My question is if there's a way to chunk writing files by the size of the bytestring. The documentation of akka streams are quite overwhelming and I'm having trouble figuring out the library. Any help would be greatly appreciated. Thanks!
The FileIO module from Akka Streams provides you with a streaming IO Sink to write to files, and utility methods to chunk a stream of ByteString. Your example would become something along the lines of
val files = List("a.txt", "b.txt", "c.txt") // and so on;
val source = Source(files).flatMapConcat(f => FileIO.fromPath(Paths.get(f)))
val chunking = Framing.delimiter(ByteString("\n"), maximumFrameLength = 256, allowTruncation = true)
val sink: Sink[ByteString, Future[IOResult]] = FileIO.toPath(Paths.get("an-output-file.txt"))
source.via(chunking).runWith(sink)
Using FileIO.toPath sink avoids storing the whole folded ByteString into memory (hence allowing proper streaming).
More details on this Akka module can be found in the docs.
I think #Stefano Bonetti already offered a great solution.

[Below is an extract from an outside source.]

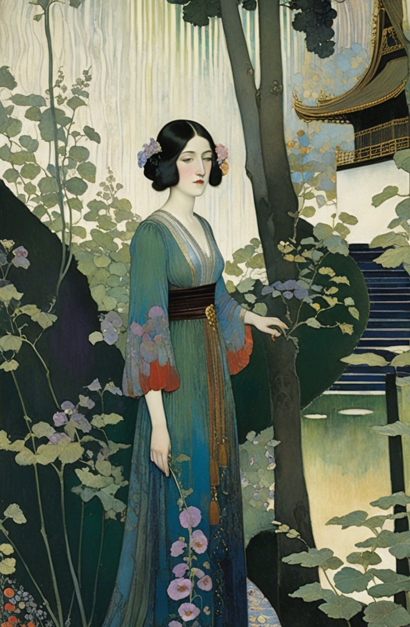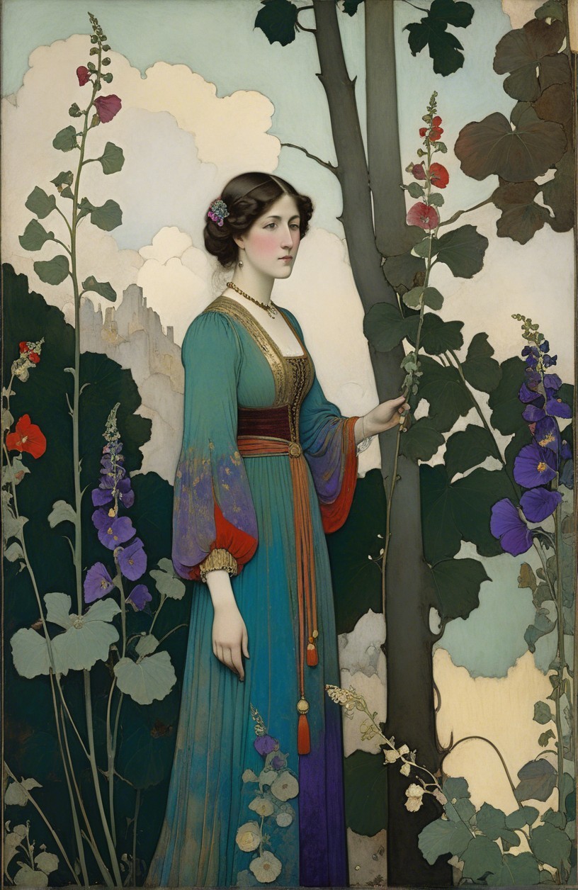 A woman in a flowing teal gown adorned with gold accents stands amidst tall hollyhocks, embodying grace and elegance. Floral accents in her hair complement the vibrant colors of her surroundings.

Just wanted to add that, one could also consider building custom GraphStage to address specific chunking need. In essence, create a chunk emitting method like below for the In/Out handlers as described in this Akka Stream link:
private def emitChunk(): Unit = {
if (buffer.isEmpty) {
if (isClosed(in)) completeStage()
else pull(in)
} else {
val (chunk, nextBuffer) = buffer.splitAt(chunkSize)
buffer = nextBuffer
push(out, chunk)
}
}
After a week of tinkering in the Akka Streams libraries, the solution I ended with was a combination of Stefano's answer along with a solution provided here. I read the source of files line by line via the Framing.delimiter function, and then just simply use the LogRotatorSink provided by Alpakka. The meat of the determining log rotation is here:
val fileSizeRotationFunction = () => {
val max = 10 * 1024 * 1024 // 10 MB, but whatever you really want; I had it at our HDFS block size
var size: Long = max
(element: ByteString) =>
{
if (size + element.size > max) {
val path = Files.createTempFile("out-", ".log")
size = element.size
Some(path)
} else {
size += element.size
None
}
}
}
val sizeRotatorSink: Sink[ByteString, Future[Done]] =
LogRotatorSink(fileSizeRotationFunction)
val source = Source(files).flatMapConcat(f => FileIO.fromPath(Paths.get(f)))
val chunking = Framing.delimiter(ByteString("\n"), maximumFrameLength = 256, allowTruncation = true)
source.via(chunking).runWith(sizeRotatorSink)
And that's it. Hope this was helpful to others.